While the trial is ongoing, we decided we needed to present the
bone mineral density results after the interim analysis. We wanted
to inform physicians and patients about the effects on bone and
give them the opportunity to do something to counteract these,
if necessary.
The decrease in bone mineral density is about 10 percent — osteopenic
rather than osteoporotic — so treatment is not mandatory.
However, patients can take precautions such as exercise and vitamin
substitution.
Also, we are observing a strong correlation between age, baseline
bone mineral density and changes in bone mineral density. In younger
patients, if you decrease the estradiol with goserelin/anastrozole
to almost undetectable levels, they suffer a more pronounced deterioration
in bone mineral density than the perimenopausal patients. Younger
patients on anastrozole or tamoxifen may be at higher risk, although
we have never seen a patient with a T-score change of more than
minus 2.5, in whom bisphosphonate treatment would be mandatory.
Anticipated long-term results
One problem with this study is that the event rate is lower than
we expected. In 15 years of designing and conducting clinical trials,
it has always been my experience that we overestimate the event
rate. This is good for patients, but not for the trial. I expect
that next year we’ll have to consider increasing the sample
size, basing it on the actual event rate in the first two years,
rather than on our pretrial projections.
I suspect that we will not see a survival benefit for the bisphosphonates
at our current dose of zoledronic acid; however, we may see a slight
survival advantage for the anastrozole combination, based on the
ATAC data. Goserelin renders all the patients postmenopausal, and
I don’t know of any reason women who become postmenopausal
as a result of therapy would respond differently than those who
become postmenopausal naturally.
Breast-conserving surgery
At our institution, we have a 75 to 80 percent breast conservation
rate. In reviewing six of our clinical trials, we found the rate
was as high as 82 percent in premenopausal patients with T1 tumors.
With extensive use of preoperative chemotherapy and improved operative
techniques, I believe mastectomy should become an obsolete surgical
procedure.
Significant variance exists in breast conservation rates from
country to country. Some of that is a cultural difference in the
surgeon’s approach to patients, and some of that variance
has to do with the availability of radiotherapy resources. In countries
outside the western world, this is a major problem.

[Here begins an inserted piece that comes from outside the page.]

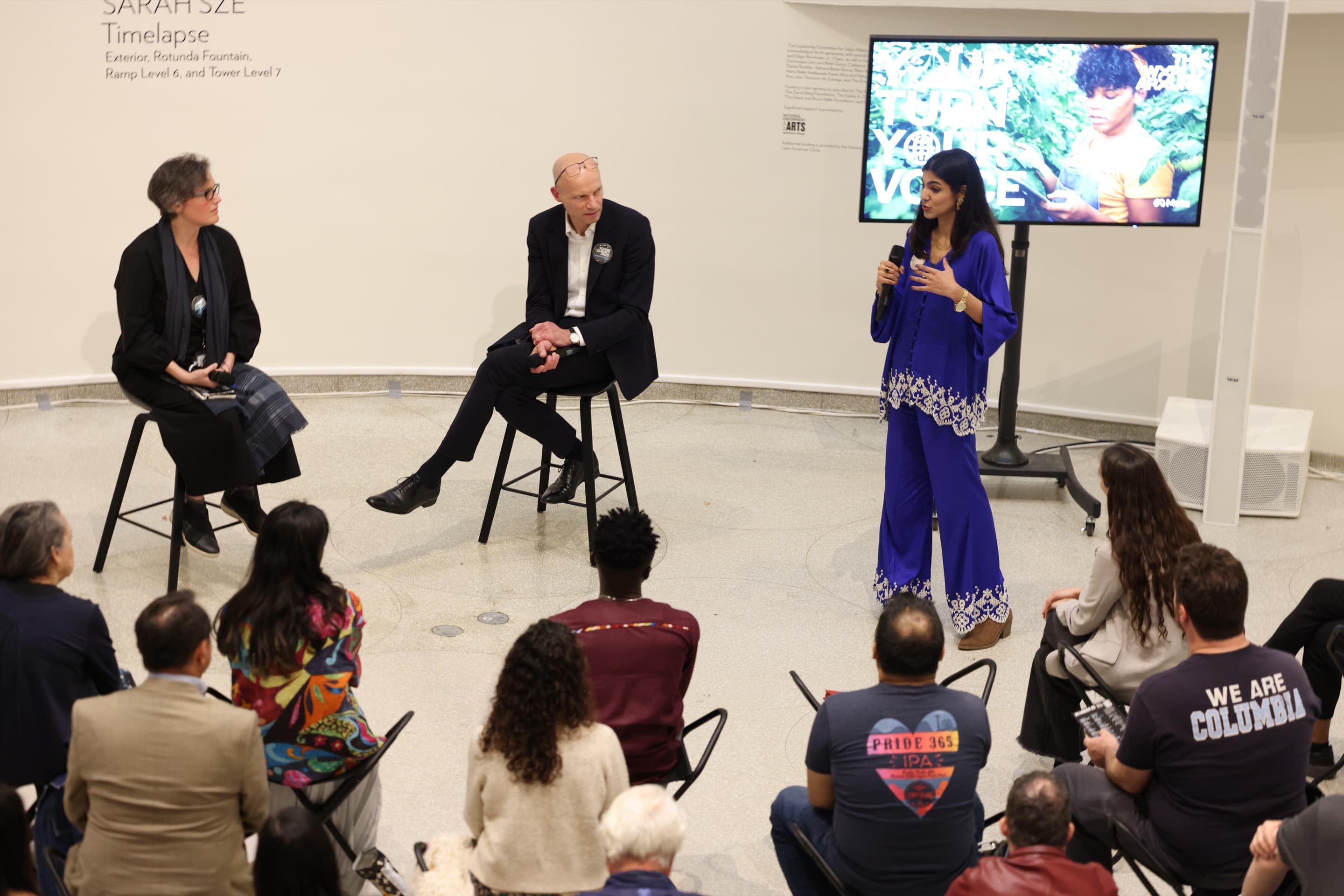 On April 21, 2023, The World Around and the Solomon R. Guggenheim Museum co-hosted Late Shift × The Young Climate Prize, an evening celebrating the inaugural cohort of visionary under-25 climate leaders. Against the backdrop of the museum’s iconic rotunda, visitors explored short films by the prize finalists, joined hands-on sustainable art-making activities, and connected directly with young innovators tackling the climate crisis across disciplines and geographies. The program’s centerpiece was a live conversation between Cyra Levenson, Deputy Director of Education and Public Engagement at the Guggenheim; Henk Ovink, Special Envoy for International Water Affairs for the Kingdom of the Netherlands; Namra Khalid, architect and climate activist; and the Young Climate Prize winners themselves, offering insight into their transformative projects. Late Shift invited the public to experience climate action as both urgent and imaginative—showcasing a new generation of designers, thinkers, and activists shaping a sustainable future.
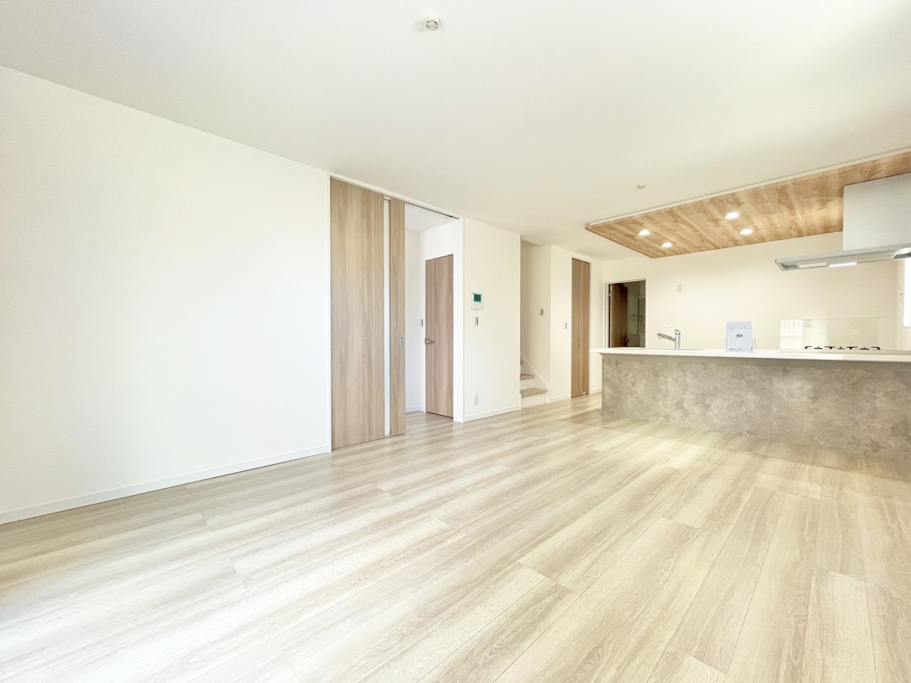 明るく開放的な空間を作るため、仕切りのないペニンシュラキッチンに。料理しながら会話ができたり、キッチンからリビングまで目が届くことでお互いの気配をいつも身近に感じられる、暮らしが豊かになるLDK。

From the patient’s point of view, it is very important
that we have the resources available to facilitate breast conservation
everywhere in the world. In the year 2003, I feel it’s unacceptable
for any patient not to be offered a reasonable choice of organ
conservation in all surgical oncology indications, whether it's
breast, rectal or other cancers.
Neoadjuvant hormonal therapy and disease progression
I do not routinely use preoperative hormonal therapy outside
of clinical trials. To me, the problem with the neoadjuvant endocrine
treatment is that you have a certain rate of nonresponders, which
we don’t have with cytotoxic chemotherapy. For example, in
our neoadjuvant trial, ABCSG-14, comparing three versus six cycles
of epirubicin and docetaxel, we have a 70 to 80 percent response
rate, probably a 15 to 25 percent complete pathological remission
rate, and no progressive disease.
Disease progression during neoadjuvant therapy is a big problem.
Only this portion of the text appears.